> **Exercise**:
Beginning with the line that has "中塗りでは、仕上げ色をしっか" and ending with the line that has "Thickness | 100mm |", retype the entries below exactly, except for the pictures.

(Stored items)
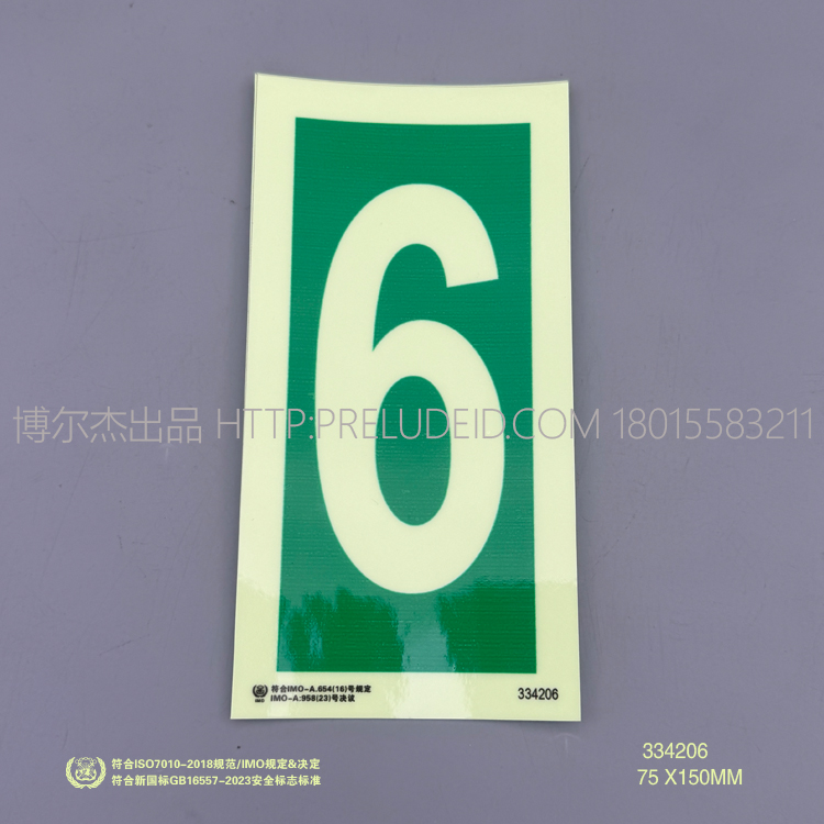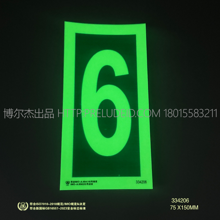 334206数字6-船舶石油新版IMO标准夜光标识防水防油不干胶自发光
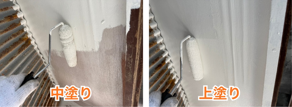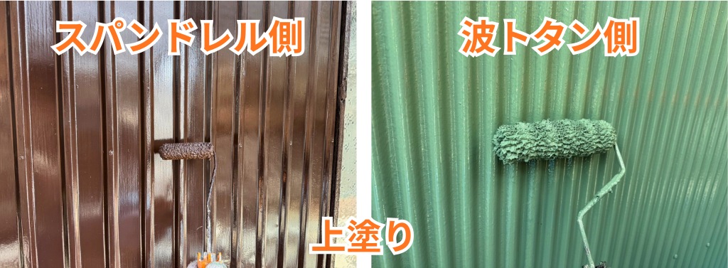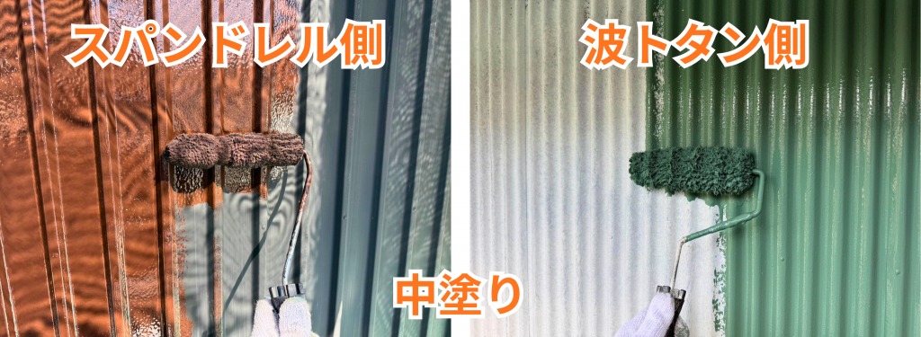中塗りでは、仕上げ色をしっかりと付けながら、塗膜に厚みを持たせていきます。スパンドレル側と波トタン側それぞれに丁寧に塗料をのせることで、色ムラのない均一な仕上がりへと近づけていきました。見た目の美しさだけでなく、外壁を保護する役割も高める工程です。
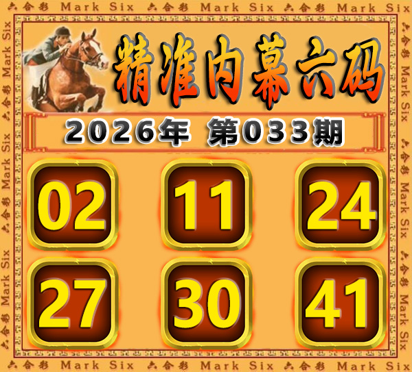 033期:【精准内幕】 ♦️⑥码中特♦️ 【02.11.24.27.30.41】开:41
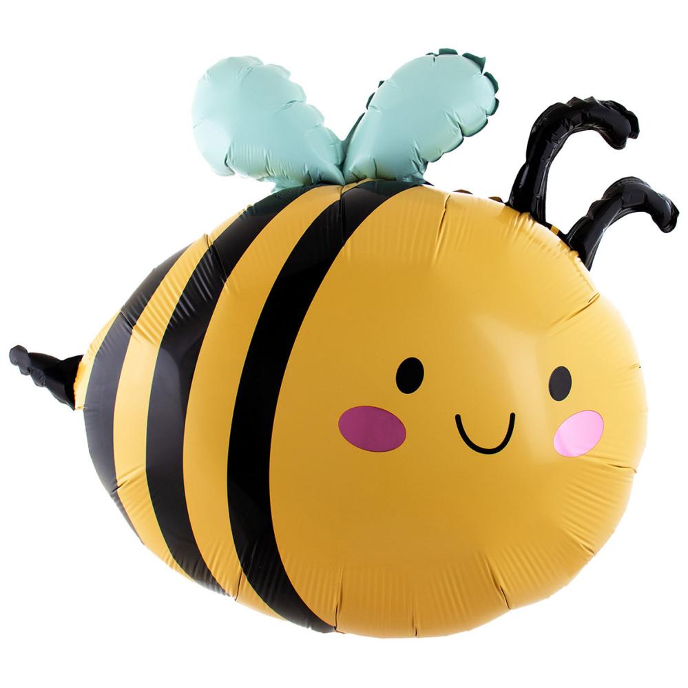 Folioilmapallo Mehiläinen 66 x 57 cm sisältää folioilmapallon, joka on iloisen keltaisen mehiläisen muotoinen ja jossa on vaaleansiniset siivet.
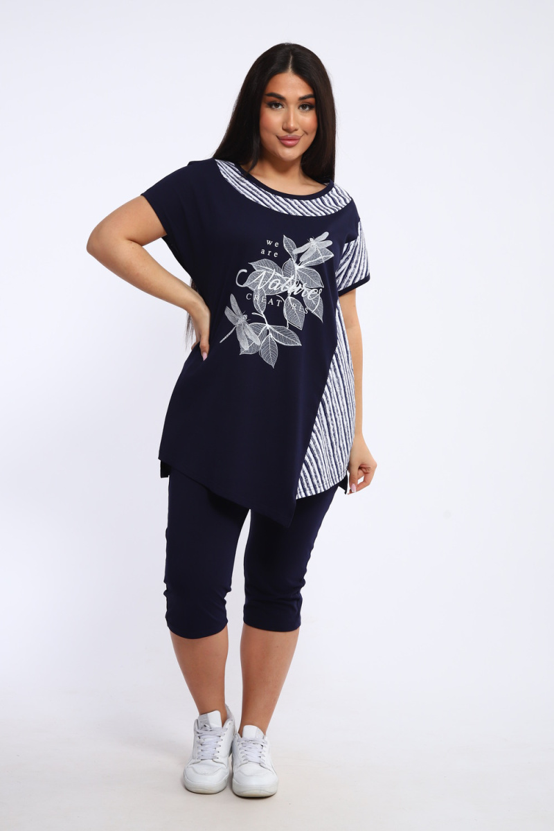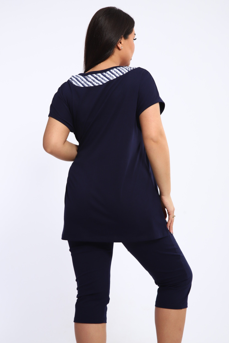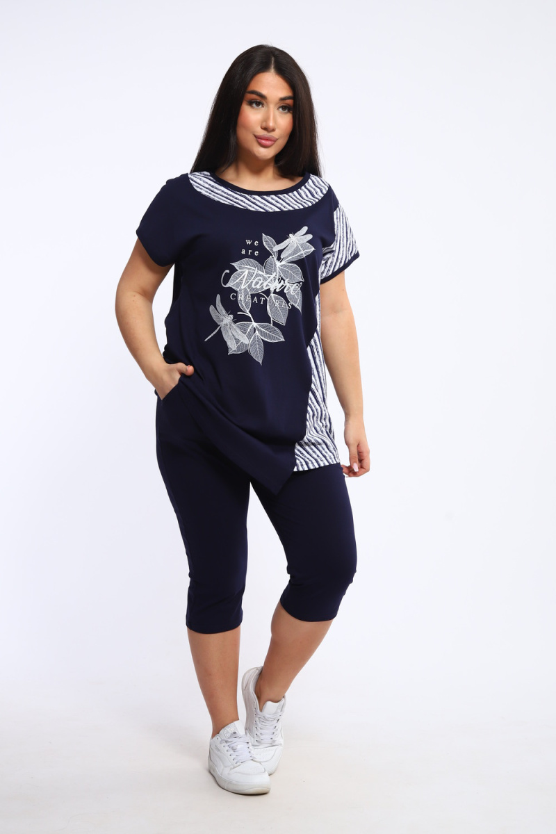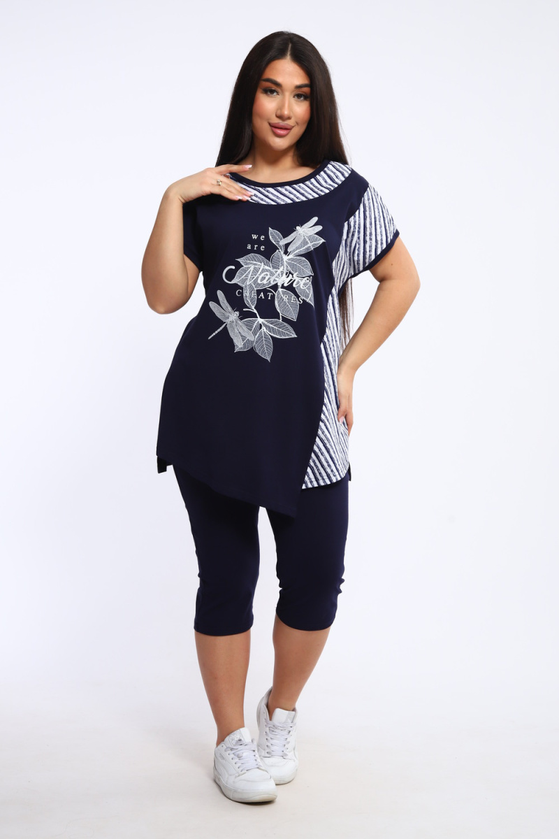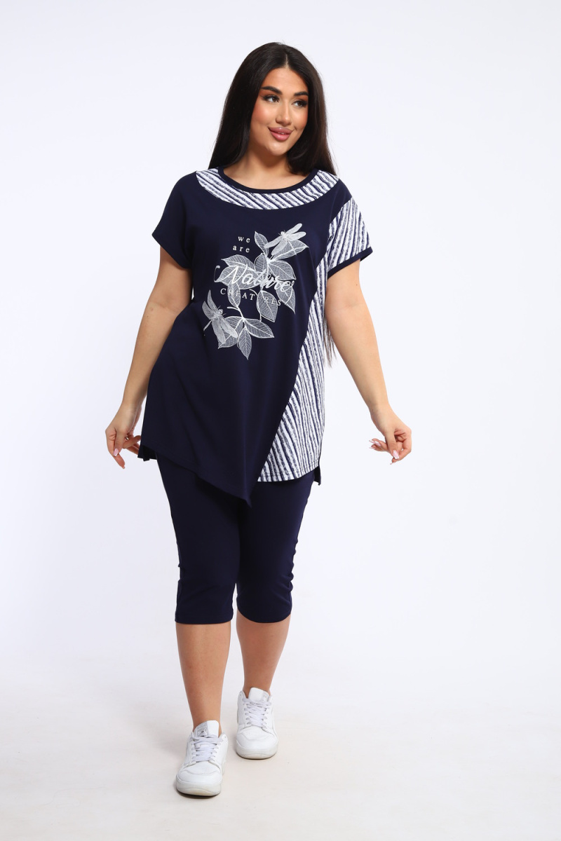 Костюм женский домашний ZIZAF имеет свободный покрой, что позволяет свободно двигаться и чувствовать себя комфортно. Рукава короткие, а вырез горловины круглый, что делает этот костюм еще более удобным для ношения дома.
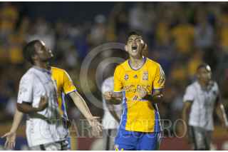 MONTERREY, NUEVO LEÓN, 24AGOSTO2016.- Luis Rodríguez de los Tigres de la UANL disputa el balón con Ricauter Barsallo del Plaza Amador de Panamá. en el estadio Universitario. Partido correspondiente a la liga de Campeones de la Concacaf. Marcador final 3-1 a favor de los locales. FOTO: MANUELA GARCÍA / CUARTOSCURO.COM
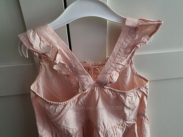 Платье без рукавов из легкого хлопкового холста. Бретели с оборками сходятся на спине. Застежка спереди и узкая резинка сверху на спинке. Отрезная талия и расклешенная юбка. Без подкладки.СоставХлопок 100%
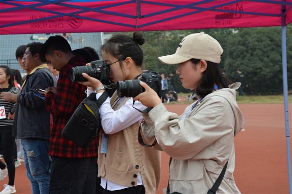 还有一群人,他们带着相机奔走在操场的各个角落,拍摄下比赛时的精彩瞬间。来自摄影工作室的周文静说:“在拍摄照片的过程中,拍摄对象不仅有努力比赛的运动员,还有给运动员加油助威的同学、默默无闻的志愿者、认真判罚的裁判员等等。无数次的拍摄才能获取一张满意的照片,虽然拍摄过程很艰难,但是只要用心总会记录下一些美好瞬间。”
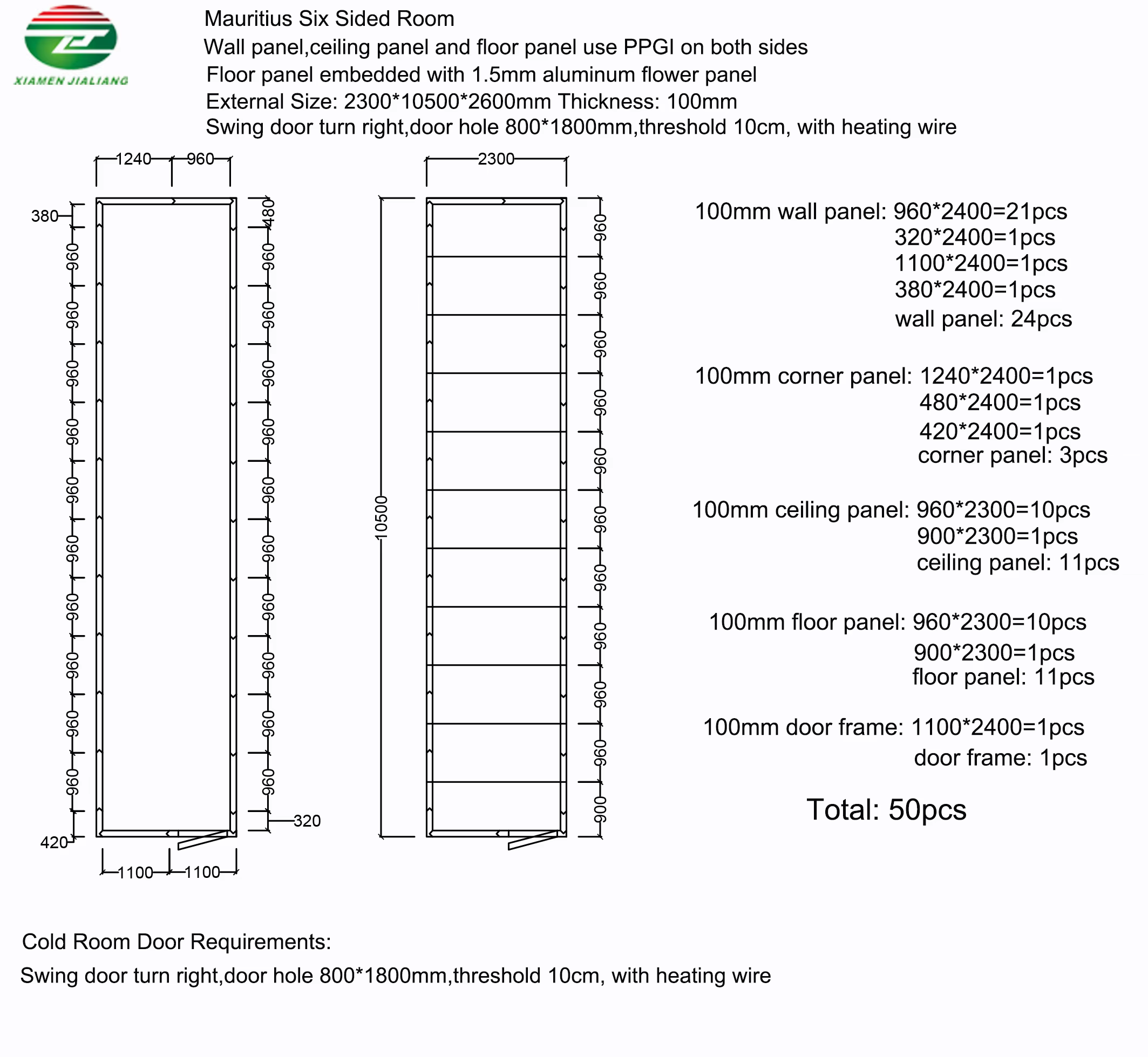 | PU Panel Thickness | 100mm |
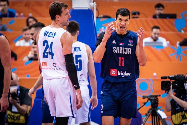 Против Чеха је стартна постава Мицић, Маринковић, Лучић, Калинић, Јокић имала испрва прилично проблема да пронађе прави одоговор на врло покретљиву одбрану ривала, али је "мучење" трајало само пет минута. Тада је, уз одличну подршку колега у одбрани, Никола Јокић некако за тили час на другој страни терена показао зашто је МВП најјаче лиге на свету - убацио је 11 поена, уз четири скока, асистенцију и "крађу", помогавши Србији да оде на први обавезни предах са 20:15. А онда је почео колективни шоу "орлова", час страшне кошарке која би могла да уплаши и многе друге екипе на Европском првенству, укључујући и оне много јаче од Чеха.

> **Response area**:
中塗りでは、仕上げ色をしっかりと付けながら、塗膜に厚みを持たせていきます。スパンドレル側と波トタン側それぞれに丁寧に塗料をのせることで、色ムラのない均一な仕上がりへと近づけていきました。見た目の美しさだけでなく、外壁を保護する役割も高める工程です。
 033期:【精准内幕】 ♦️⑥码中特♦️ 【02.11.24.27.30.41】开:41
 Folioilmapallo Mehiläinen 66 x 57 cm sisältää folioilmapallon, joka on iloisen keltaisen mehiläisen muotoinen ja jossa on vaaleansiniset siivet.
 Костюм женский домашний ZIZAF имеет свободный покрой, что позволяет свободно двигаться и чувствовать себя комфортно. Рукава короткие, а вырез горловины круглый, что делает этот костюм еще более удобным для ношения дома.
 MONTERREY, NUEVO LEÓN, 24AGOSTO2016.- Luis Rodríguez de los Tigres de la UANL disputa el balón con Ricauter Barsallo del Plaza Amador de Panamá. en el estadio Universitario. Partido correspondiente a la liga de Campeones de la Concacaf. Marcador final 3-1 a favor de los locales. FOTO: MANUELA GARCÍA / CUARTOSCURO.COM
 Платье без рукавов из легкого хлопкового холста. Бретели с оборками сходятся на спине. Застежка спереди и узкая резинка сверху на спинке. Отрезная талия и расклешенная юбка. Без подкладки.СоставХлопок 100%
 还有一群人,他们带着相机奔走在操场的各个角落,拍摄下比赛时的精彩瞬间。来自摄影工作室的周文静说:“在拍摄照片的过程中,拍摄对象不仅有努力比赛的运动员,还有给运动员加油助威的同学、默默无闻的志愿者、认真判罚的裁判员等等。无数次的拍摄才能获取一张满意的照片,虽然拍摄过程很艰难,但是只要用心总会记录下一些美好瞬间。”
 | PU Panel Thickness | 100mm |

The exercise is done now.